Warum werden denn nach dem Read Befehl (0xBE) noch die 9 Bytes 0xFF gesendet? Naja, wenn es bei den anderen Leuten funktioniert scheint das wohl irgendeinen Sinn zu haben.


----------



## argv_user (27 Juni 2010)

Thomas_v2.1 schrieb:


> Wie oben schon geschrieben spreche ich die Sensoren direkt an, ohne Umweg über diesen Umsetzer.
> Gibt es denn entsprechende Steuerzeichen mit denen der Umsetzer z.B. ein Master-Reset erzeugt (bei dir 0xE3 0xCD)?
> 
> Mein beschriebener Ablauf steht auch so im Handbuch des DS1820.
> ...



Die FFs könnten reine Pausenfüller sein, wenn sie vom DS1820 ignoriert werden; also so eine Art definierte Wartezeit.
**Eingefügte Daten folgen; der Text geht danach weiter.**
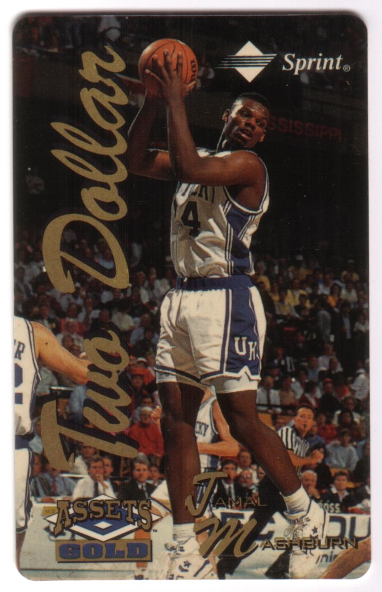 This collectible phone card features Jamal Mashburn, a basketball player, in action during a game. Jamal Mashburn is wearing a white and blue basketball uniform with "UK" visible on the shorts, indicating the University of Kentucky. He is shown jumping and holding a basketball above his head, preparing to shoot. The background shows a crowded arena with spectators watching the game.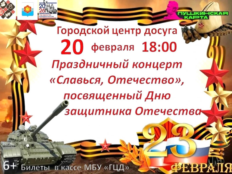 18 февраля, 2026Городской центр досуга, 20 февраля 18:00. Праздничный концерт «Славься, Отечество», посвященный Дню защитника Отечества.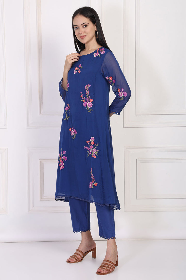 Blue Embroidered A-Line Organza Kurta with Straight Pant and Dupatta Set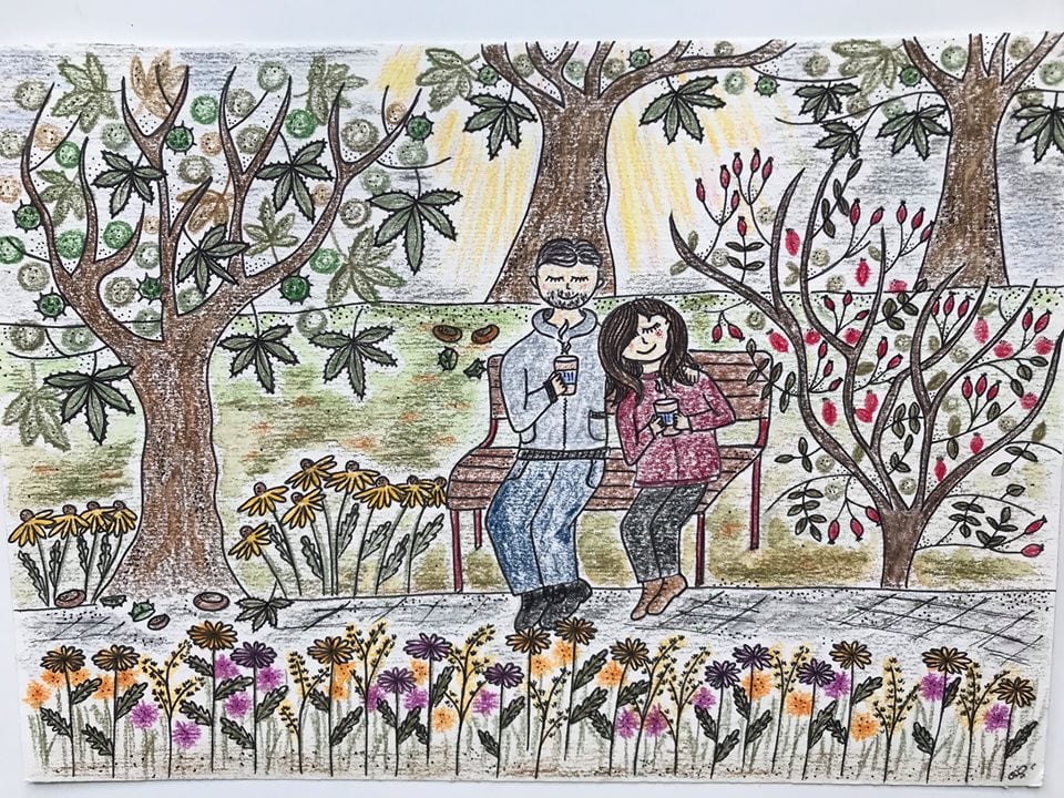 ↑ Dárek od naší zákaznice - já s přítelkyní v podzimním dni s kávou.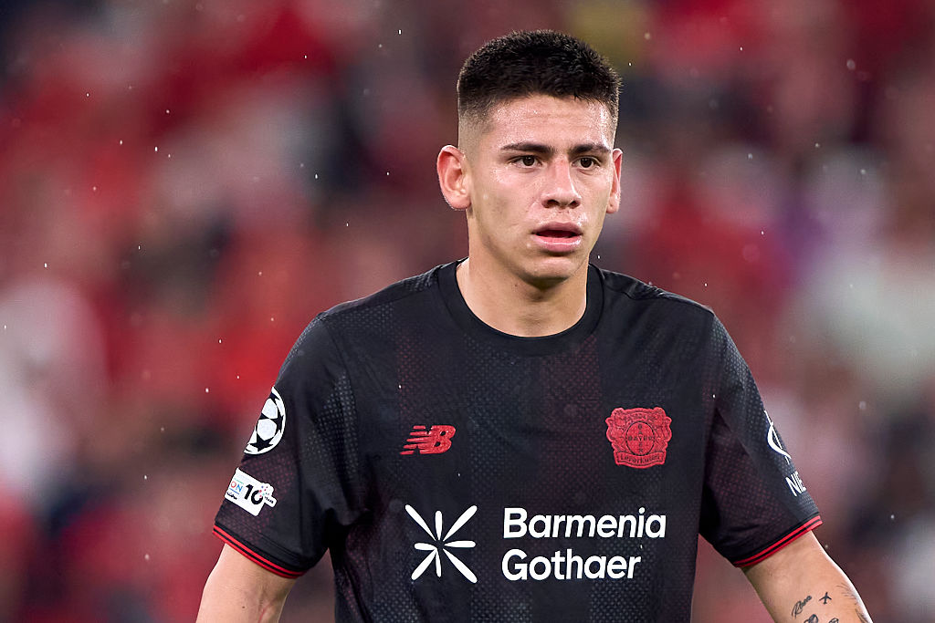 LISBON, PORTUGAL - NOVEMBER 05: Claudio Echeverri of Bayer 04 Leverkusen looks on during the UEFA Champions League 2025/26 League Phase MD4 match between SL Benfica and Bayer 04 Leverkusen at Estadio do Sport Lisboa e Benfica on November 05, 2025 in Lisbon, Portugal. (Photo by Jose Manuel Alvarez Rey/Getty Images)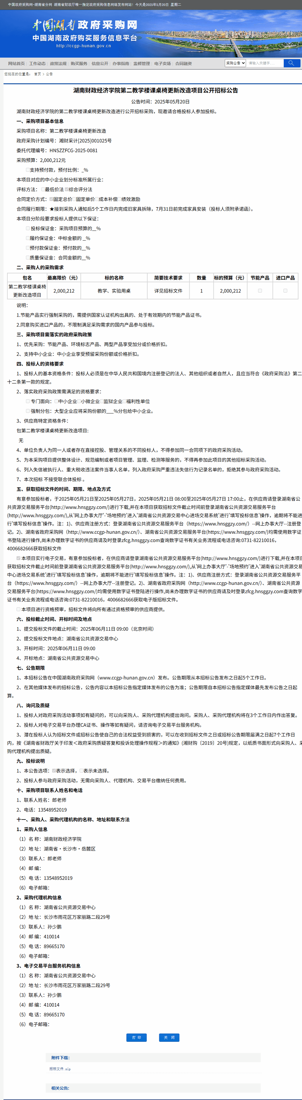 湖南省政府采购网:WilliamHill官方网站第二教学楼课桌椅更新改造项目公开招标公告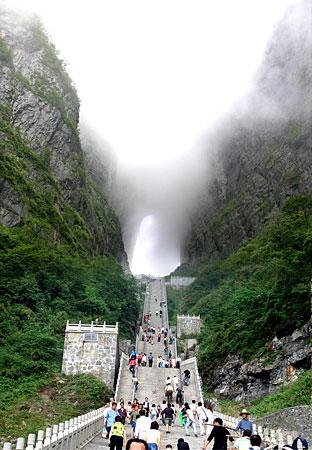 選擇乘索道游覽天門山是最佳視角。索道吊廂一出站房,馬上就騰空飛了起來,從城市的一棟棟樓頂掠過,猶如在城市上空滑翔。翻過一道山梁之后,城市被遠(yuǎn)遠(yuǎn)拋在了視線以外,大片翠綠的稻田映入眼簾,透過打開的通風(fēng)窗口,一陣陣青草水田特有的清香沁入心脾;蚋呋虻偷霓r(nóng)舍不時從我們身下滑過,牛羊們?nèi)齼蓛捎崎e的在田間浮動著,靜謐、安詳。再翻過一座山峰,我們便立即被滿山的青翠所包圍,萬仞絕壁也已投懷送抱。索道支架矗立于絕壁天險中,或挺立或傾倒或探頭或擁抱,我們繼續(xù)在艱險中游歷,時而隱沒于云堆,時而出世于蒼穹。這時你除了那滿懷的驚險刺激外有的便只有望索而興嘆了。我拍了很多片子,但是總覺得還是沒有足以記錄下來這座空中盆景的壯麗。

Aber sicher bin ich da nicht.


----------



## MichaelHuf (27 Juni 2010)

Hallo,

eine Schnittstellen beschreibung des DS9097U hab ich noch nicht gefunden,
ich hab die Info's aus dieser Lib einer WAGO.
http://www.ip-symcon.de/forum/f41/wago-1-wire-8880/index2.html

Gruss Michael


----------



## Rayk (27 Juni 2010)

Hallo,
im DS9097U ist ein DS2480B als Wandler eingebaut demzufolge ist im Datenblatt des DS2480 alles beschrieben.
Aber nun zu den  16#FF nach 16#BE:
mit 16#BE (Read Scratchpad) wird eine Leseanforderung gestartet und jedes 16#FF sagt, dass ein Byte gelesen werden soll , wenn du nur die Temperatur lesen möchtest, dann genügen 2 x 16#FF wenn du aber die CRC-Prüfsumme auswerten möchtst (oscat lib!), dann müssen 9 Byte gelesen werden also 9 x 16#FF.

mfg.
Rayk


----------



## gravieren (27 Juni 2010)

MichaelHuf schrieb:


> 1. beim auslesen kommt immer in 1. u 2.Byte AA 00 heist 85°C


Du hast die Temperaturmessung NICHT gestartet.

Du liest nur aus  !  


Also starten Temperaturwandelung.
Abwarten der Wandelungszeit (ca. 500 ms)
Auslesen der Temperaturwerte.


----------



## MichaelHuf (27 Juni 2010)

Hallo,

ich hatte die wartezeit zu klein eingestellt steht jetzt auf 600ms.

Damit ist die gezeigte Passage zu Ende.